Extracted information:
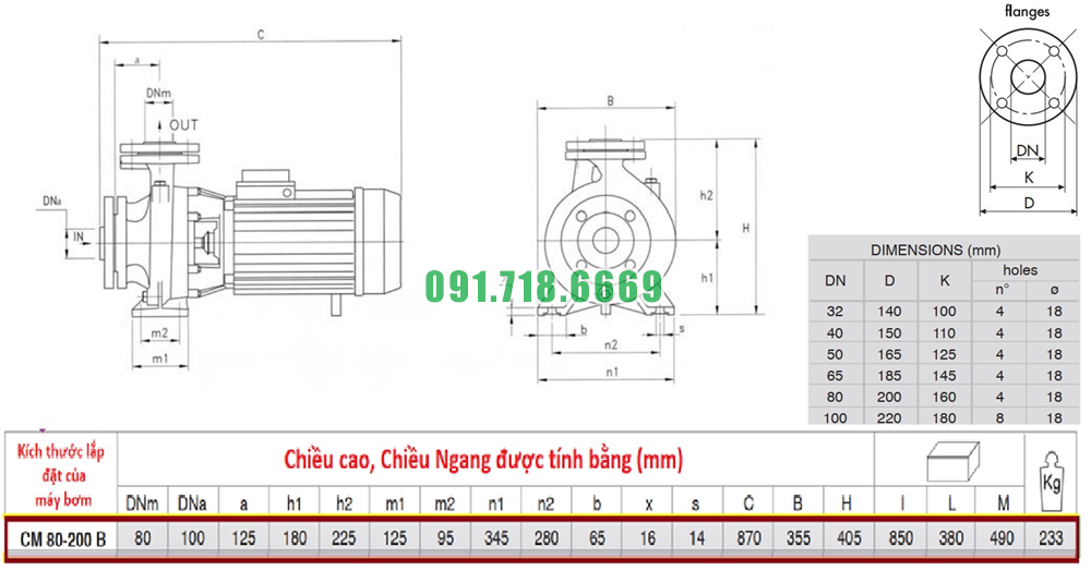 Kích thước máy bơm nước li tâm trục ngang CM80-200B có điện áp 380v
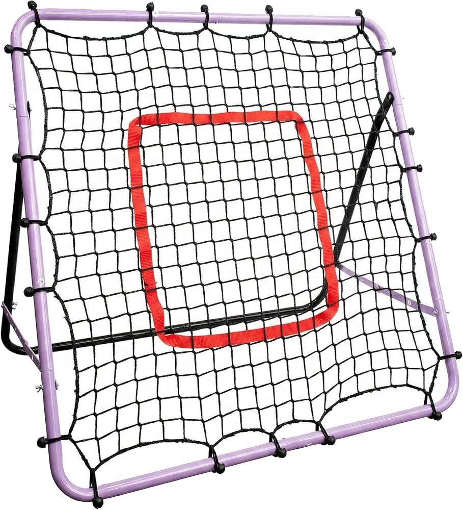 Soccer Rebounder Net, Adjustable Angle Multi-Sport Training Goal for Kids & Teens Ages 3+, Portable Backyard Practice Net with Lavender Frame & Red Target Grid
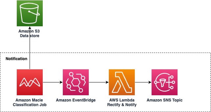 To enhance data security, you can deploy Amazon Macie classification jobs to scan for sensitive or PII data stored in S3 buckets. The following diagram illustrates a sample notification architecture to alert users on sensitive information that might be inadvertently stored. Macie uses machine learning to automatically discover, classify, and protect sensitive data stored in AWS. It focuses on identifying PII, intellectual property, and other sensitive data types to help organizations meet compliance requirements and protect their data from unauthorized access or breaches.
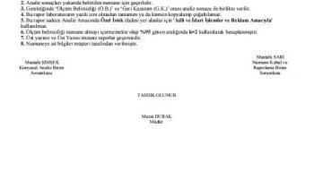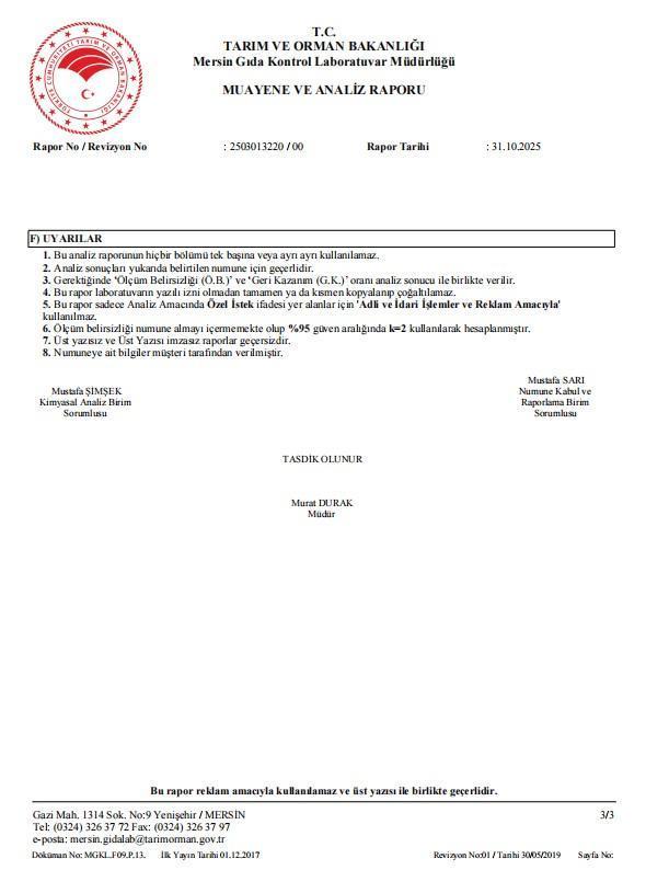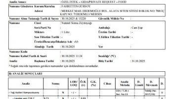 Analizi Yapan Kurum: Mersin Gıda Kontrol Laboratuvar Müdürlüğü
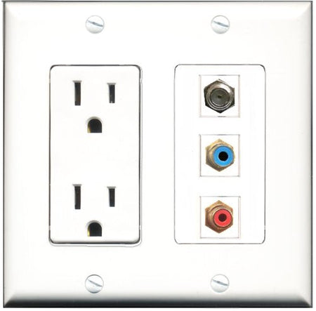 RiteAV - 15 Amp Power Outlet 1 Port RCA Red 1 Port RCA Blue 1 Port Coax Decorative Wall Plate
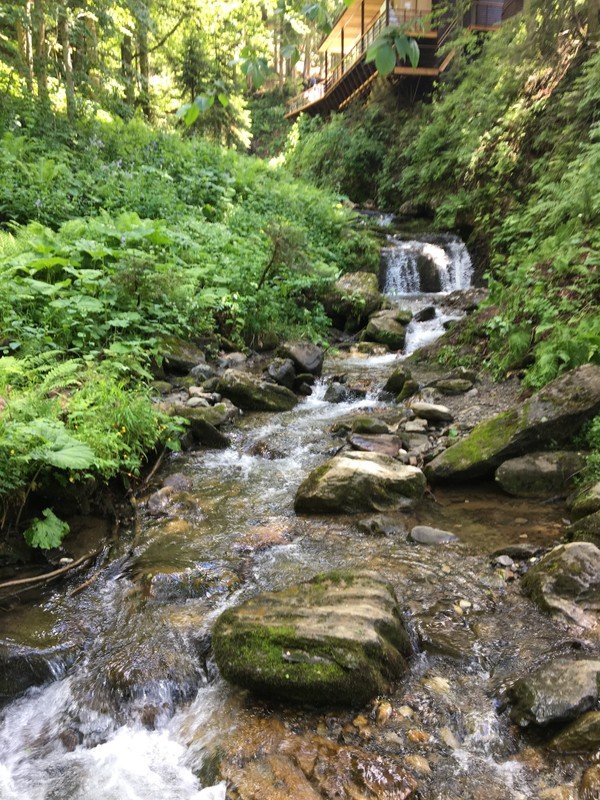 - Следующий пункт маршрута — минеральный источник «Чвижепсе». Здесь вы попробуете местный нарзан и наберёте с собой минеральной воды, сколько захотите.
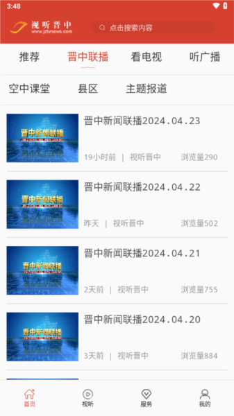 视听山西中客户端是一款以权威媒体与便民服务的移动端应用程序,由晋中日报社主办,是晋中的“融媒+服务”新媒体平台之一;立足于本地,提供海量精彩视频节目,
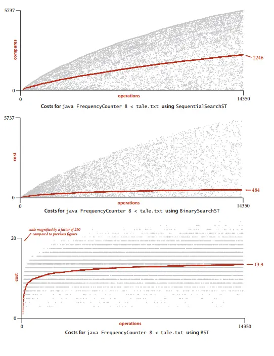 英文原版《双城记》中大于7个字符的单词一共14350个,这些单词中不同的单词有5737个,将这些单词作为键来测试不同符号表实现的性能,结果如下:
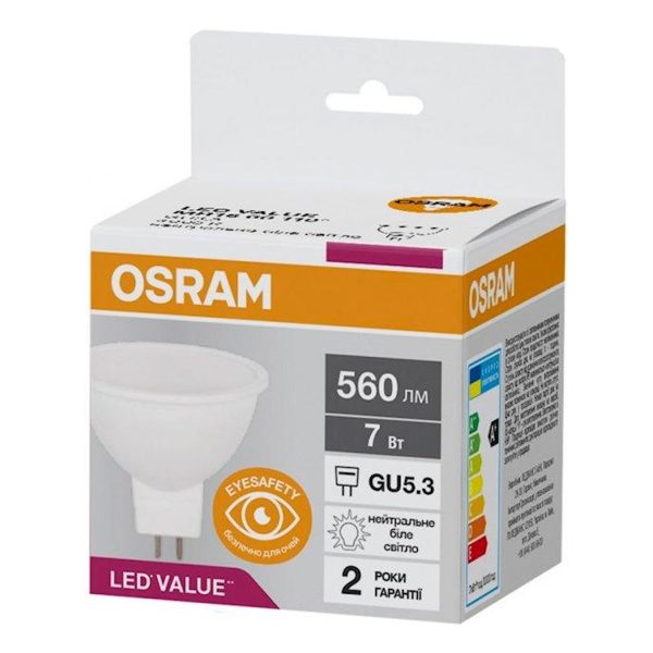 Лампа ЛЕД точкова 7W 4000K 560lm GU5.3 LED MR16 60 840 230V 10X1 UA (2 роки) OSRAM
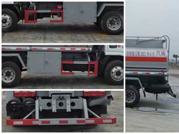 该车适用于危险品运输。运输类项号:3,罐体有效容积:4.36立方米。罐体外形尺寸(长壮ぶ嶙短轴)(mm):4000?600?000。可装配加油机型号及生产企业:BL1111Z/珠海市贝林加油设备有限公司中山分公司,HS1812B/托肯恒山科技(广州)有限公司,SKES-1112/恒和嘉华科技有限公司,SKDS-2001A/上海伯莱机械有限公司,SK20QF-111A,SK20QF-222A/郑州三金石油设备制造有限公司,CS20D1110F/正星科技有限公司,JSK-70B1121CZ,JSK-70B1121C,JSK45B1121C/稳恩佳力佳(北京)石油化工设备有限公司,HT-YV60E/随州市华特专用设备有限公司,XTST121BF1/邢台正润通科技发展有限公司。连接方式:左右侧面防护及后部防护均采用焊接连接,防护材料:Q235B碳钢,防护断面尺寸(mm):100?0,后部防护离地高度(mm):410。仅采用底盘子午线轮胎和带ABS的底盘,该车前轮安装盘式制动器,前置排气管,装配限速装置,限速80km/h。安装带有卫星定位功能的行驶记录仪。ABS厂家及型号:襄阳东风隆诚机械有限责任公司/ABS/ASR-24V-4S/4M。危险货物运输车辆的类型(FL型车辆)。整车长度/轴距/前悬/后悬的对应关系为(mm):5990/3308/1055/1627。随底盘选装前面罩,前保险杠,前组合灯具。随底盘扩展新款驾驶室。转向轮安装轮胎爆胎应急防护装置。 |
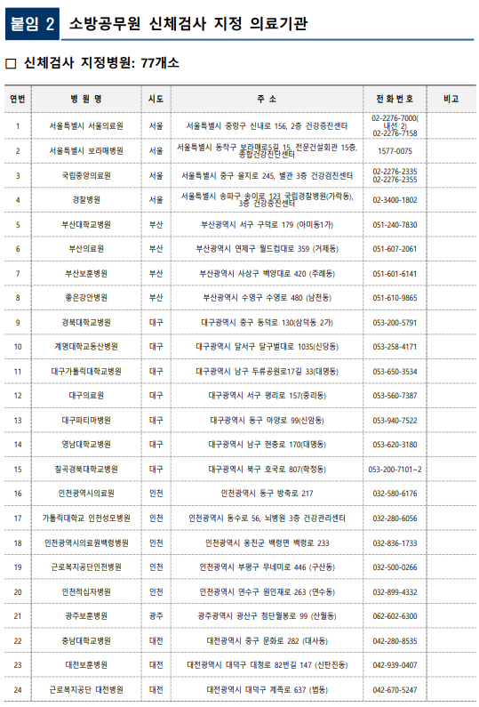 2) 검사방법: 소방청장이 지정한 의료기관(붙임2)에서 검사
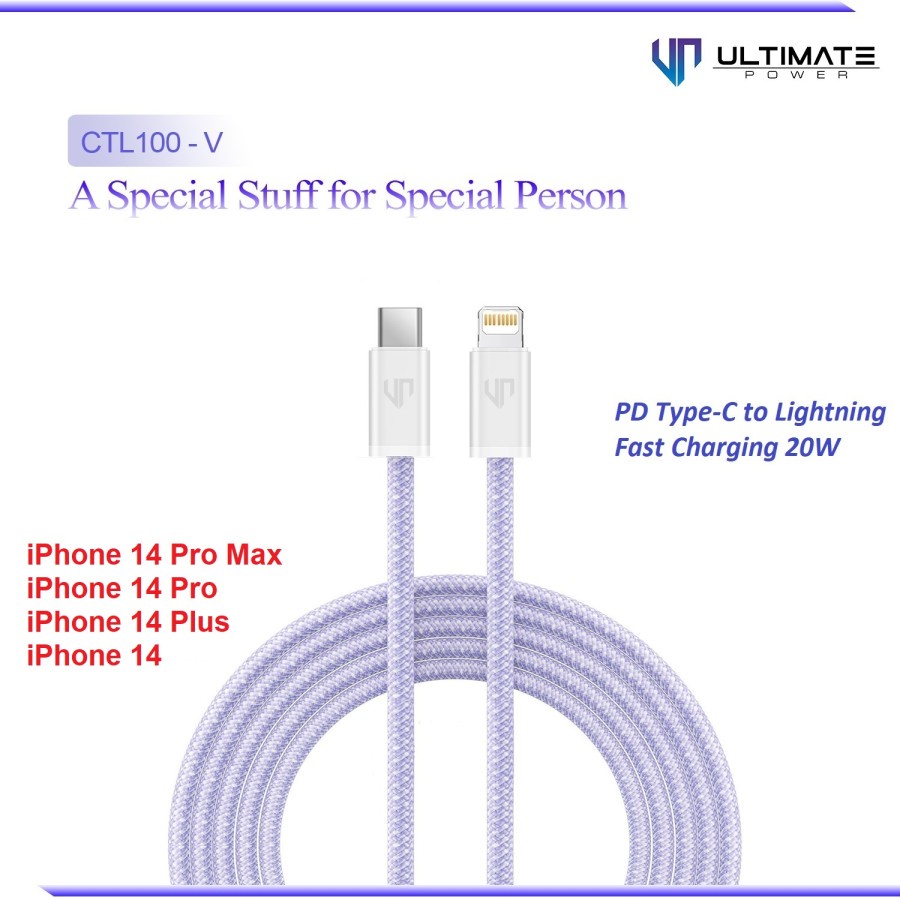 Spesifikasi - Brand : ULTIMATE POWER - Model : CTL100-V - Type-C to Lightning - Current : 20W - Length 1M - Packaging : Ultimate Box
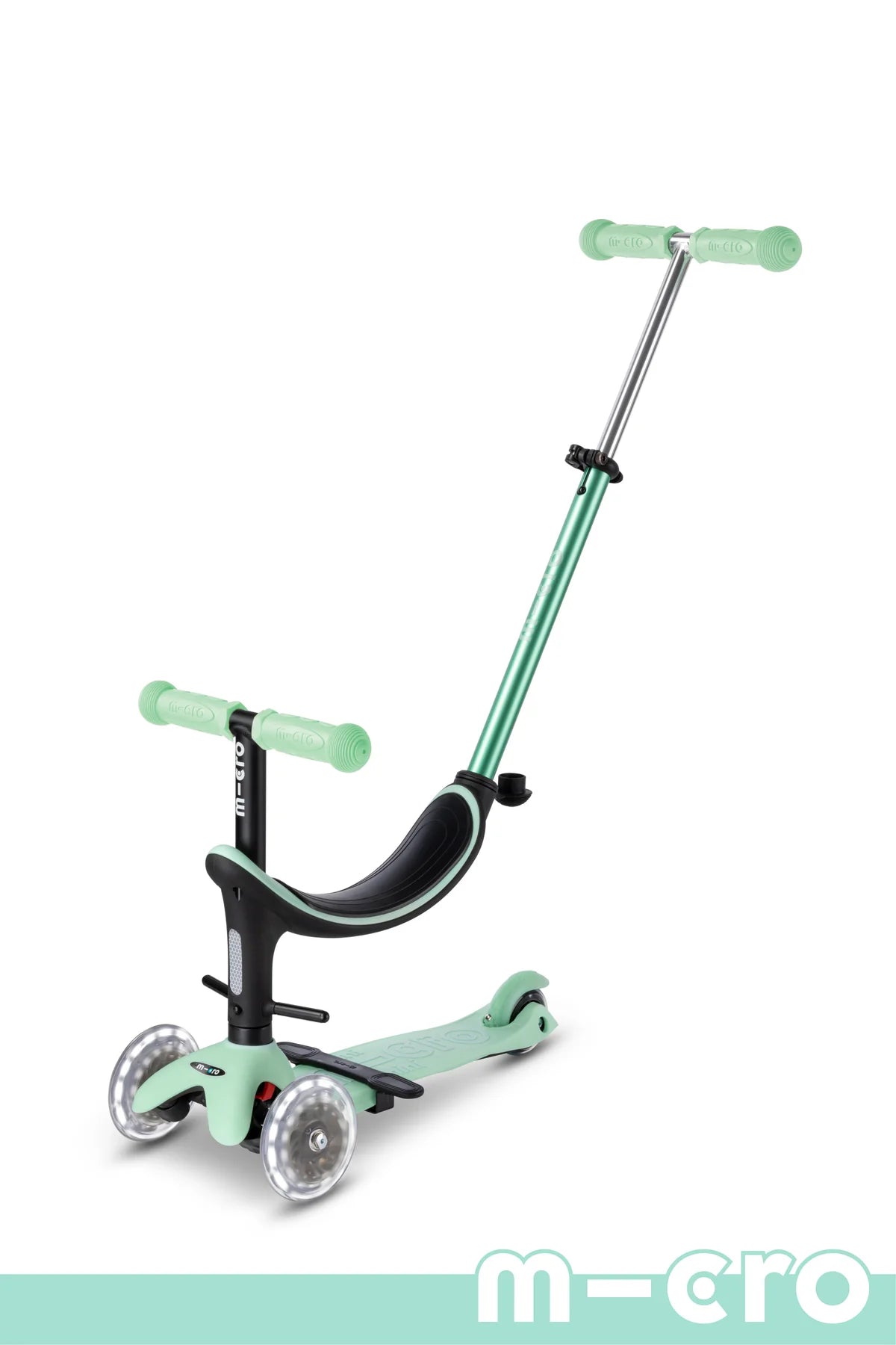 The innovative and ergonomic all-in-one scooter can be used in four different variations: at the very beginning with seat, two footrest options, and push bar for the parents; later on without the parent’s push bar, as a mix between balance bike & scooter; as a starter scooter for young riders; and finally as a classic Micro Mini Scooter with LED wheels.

Your assignment:
Your answer must be the lines above from the one holding "Soccer Rebounder Net, Adjustable" up to and including the one holding "视听山西中客户端是一款以权威", exact and with no pictures.

Answer below:
 Soccer Rebounder Net, Adjustable Angle Multi-Sport Training Goal for Kids & Teens Ages 3+, Portable Backyard Practice Net with Lavender Frame & Red Target Grid
 To enhance data security, you can deploy Amazon Macie classification jobs to scan for sensitive or PII data stored in S3 buckets. The following diagram illustrates a sample notification architecture to alert users on sensitive information that might be inadvertently stored. Macie uses machine learning to automatically discover, classify, and protect sensitive data stored in AWS. It focuses on identifying PII, intellectual property, and other sensitive data types to help organizations meet compliance requirements and protect their data from unauthorized access or breaches.
 Analizi Yapan Kurum: Mersin Gıda Kontrol Laboratuvar Müdürlüğü
 RiteAV - 15 Amp Power Outlet 1 Port RCA Red 1 Port RCA Blue 1 Port Coax Decorative Wall Plate
 - Следующий пункт маршрута — минеральный источник «Чвижепсе». Здесь вы попробуете местный нарзан и наберёте с собой минеральной воды, сколько захотите.
 视听山西中客户端是一款以权威媒体与便民服务的移动端应用程序,由晋中日报社主办,是晋中的“融媒+服务”新媒体平台之一;立足于本地,提供海量精彩视频节目,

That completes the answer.